* _Dataset records_
*****
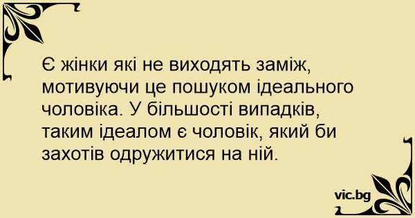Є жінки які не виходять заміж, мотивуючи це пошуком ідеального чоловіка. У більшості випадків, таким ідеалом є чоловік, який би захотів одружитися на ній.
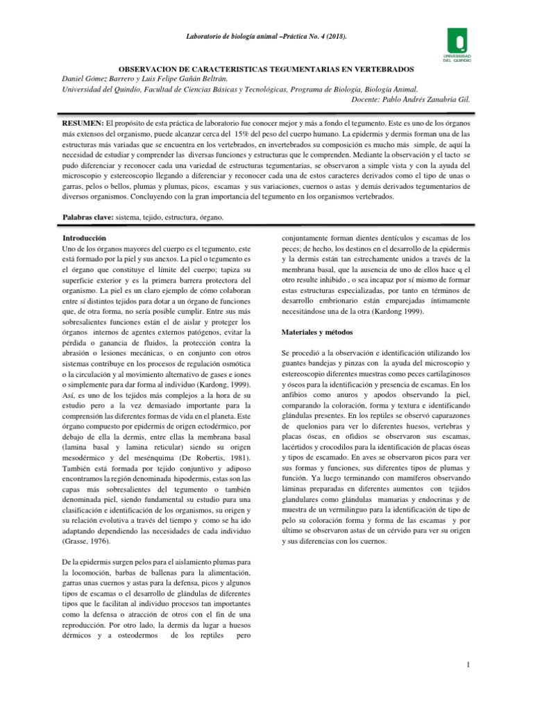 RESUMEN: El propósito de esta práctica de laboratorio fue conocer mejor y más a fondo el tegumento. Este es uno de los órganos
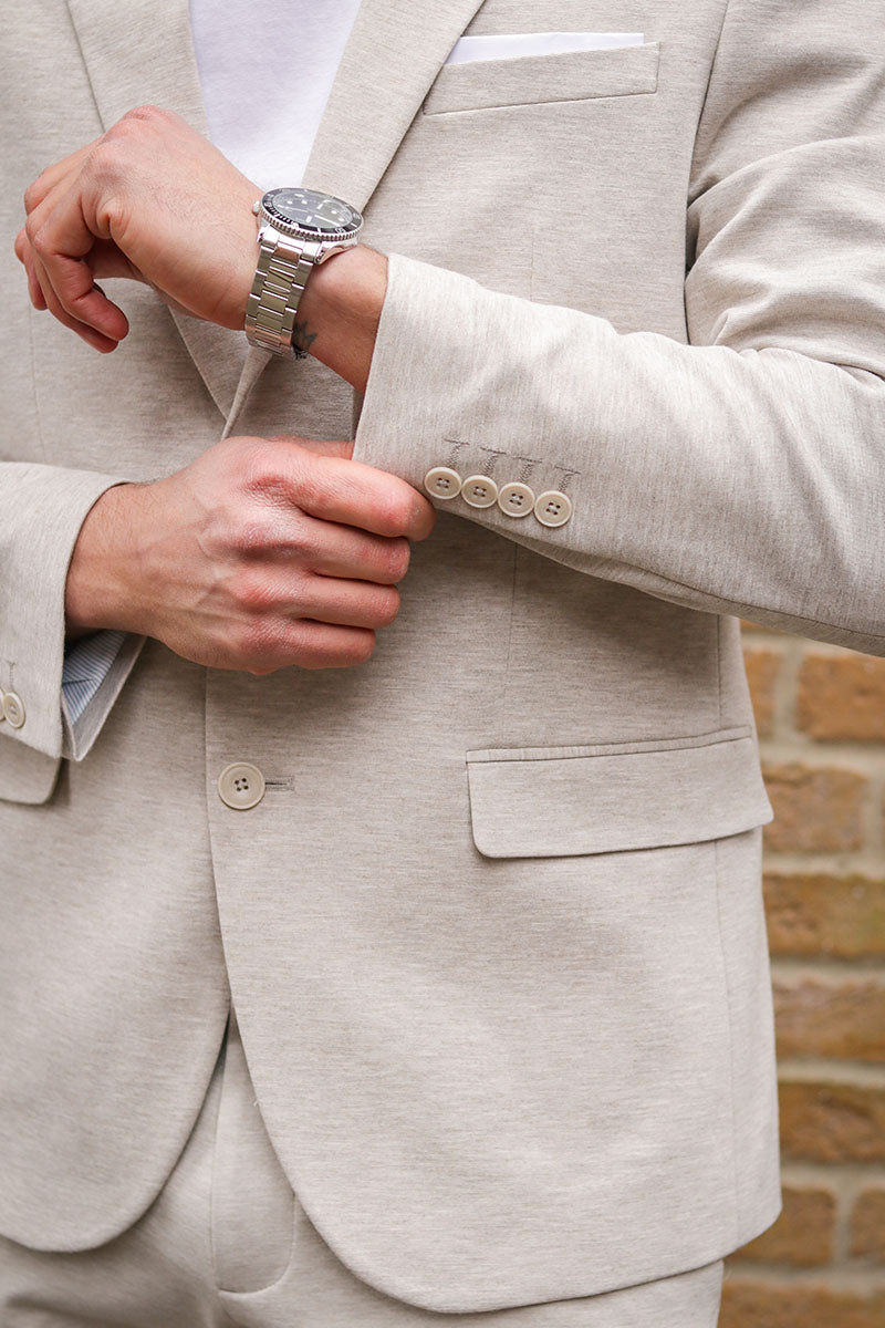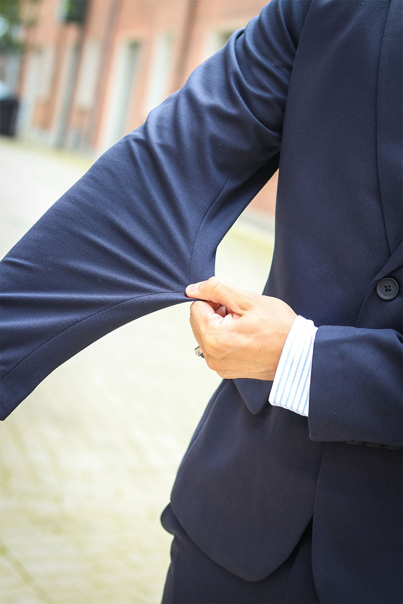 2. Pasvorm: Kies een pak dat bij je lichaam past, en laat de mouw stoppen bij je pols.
*****
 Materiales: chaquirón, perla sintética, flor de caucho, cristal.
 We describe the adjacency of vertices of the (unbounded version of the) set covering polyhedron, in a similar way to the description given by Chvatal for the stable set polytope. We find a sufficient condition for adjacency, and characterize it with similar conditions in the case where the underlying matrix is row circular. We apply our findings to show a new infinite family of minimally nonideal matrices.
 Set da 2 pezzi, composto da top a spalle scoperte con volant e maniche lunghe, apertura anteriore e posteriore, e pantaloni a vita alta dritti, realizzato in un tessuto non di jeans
*****
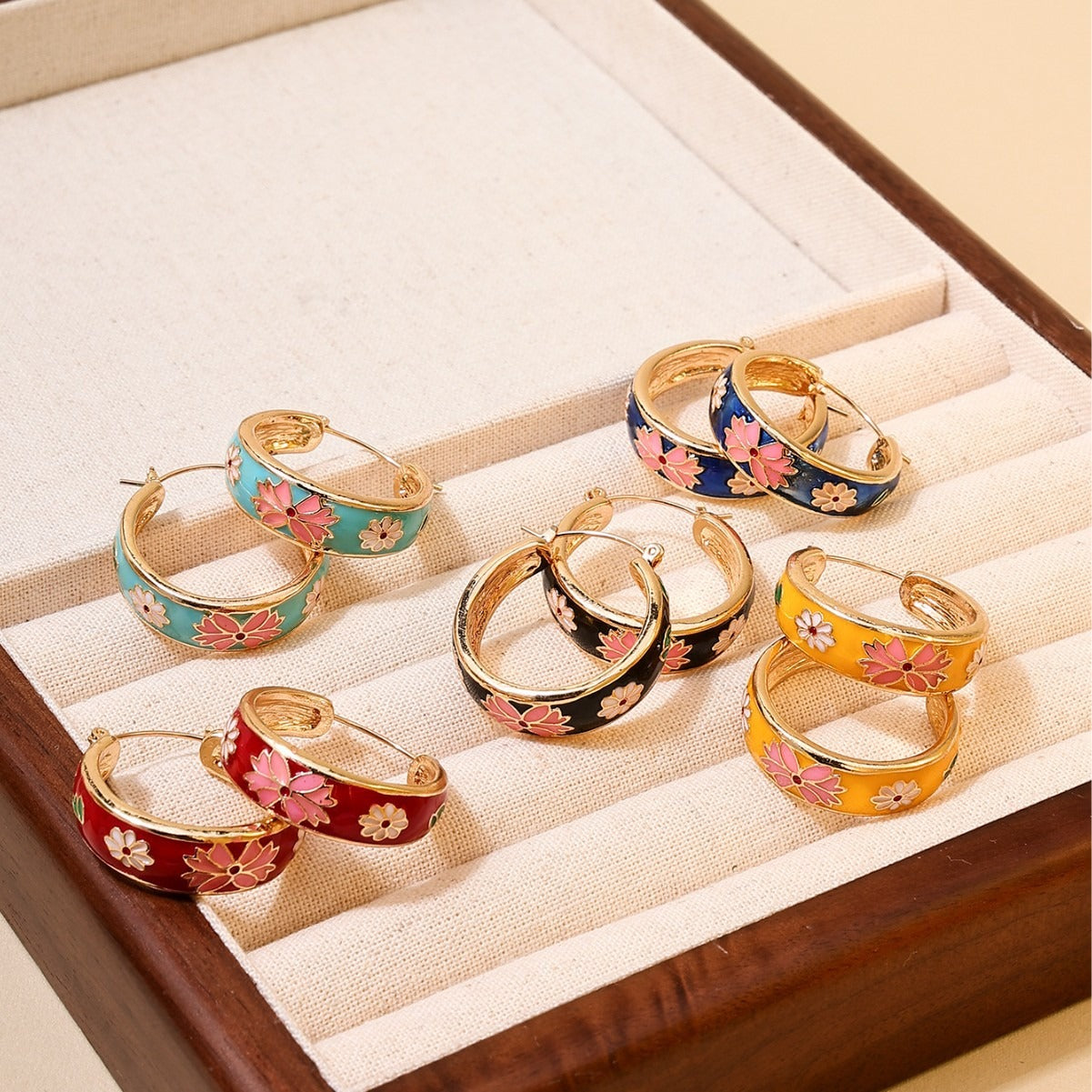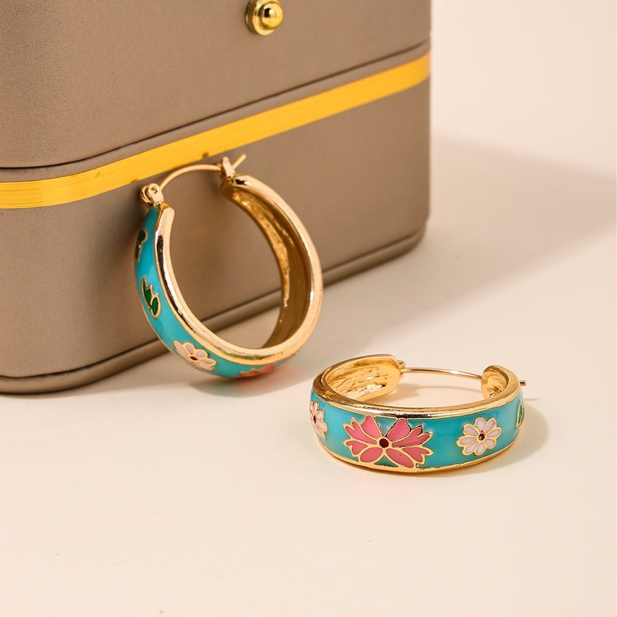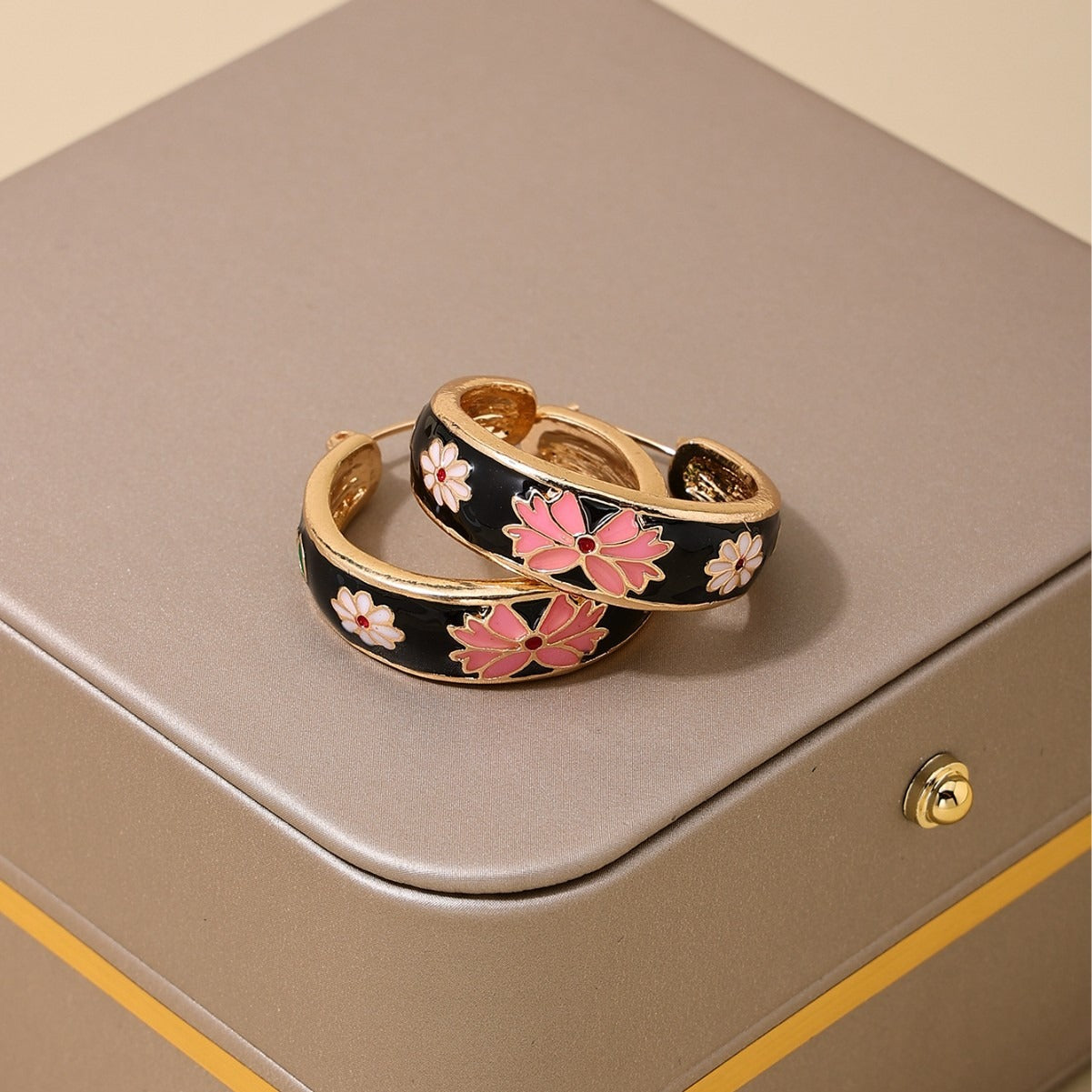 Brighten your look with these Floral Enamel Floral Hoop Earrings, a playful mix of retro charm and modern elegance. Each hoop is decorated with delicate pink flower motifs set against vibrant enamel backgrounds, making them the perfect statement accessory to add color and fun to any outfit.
*****
* _Task prompt_
Only those lines of the entries above that run from the line containing "We describe the" to the line containing "Set da 2 pezzi, composto", both included, should be transcribed exactly.

* _Answer section_
 We describe the adjacency of vertices of the (unbounded version of the) set covering polyhedron, in a similar way to the description given by Chvatal for the stable set polytope. We find a sufficient condition for adjacency, and characterize it with similar conditions in the case where the underlying matrix is row circular. We apply our findings to show a new infinite family of minimally nonideal matrices.
 Set da 2 pezzi, composto da top a spalle scoperte con volant e maniche lunghe, apertura anteriore e posteriore, e pantaloni a vita alta dritti, realizzato in un tessuto non di jeans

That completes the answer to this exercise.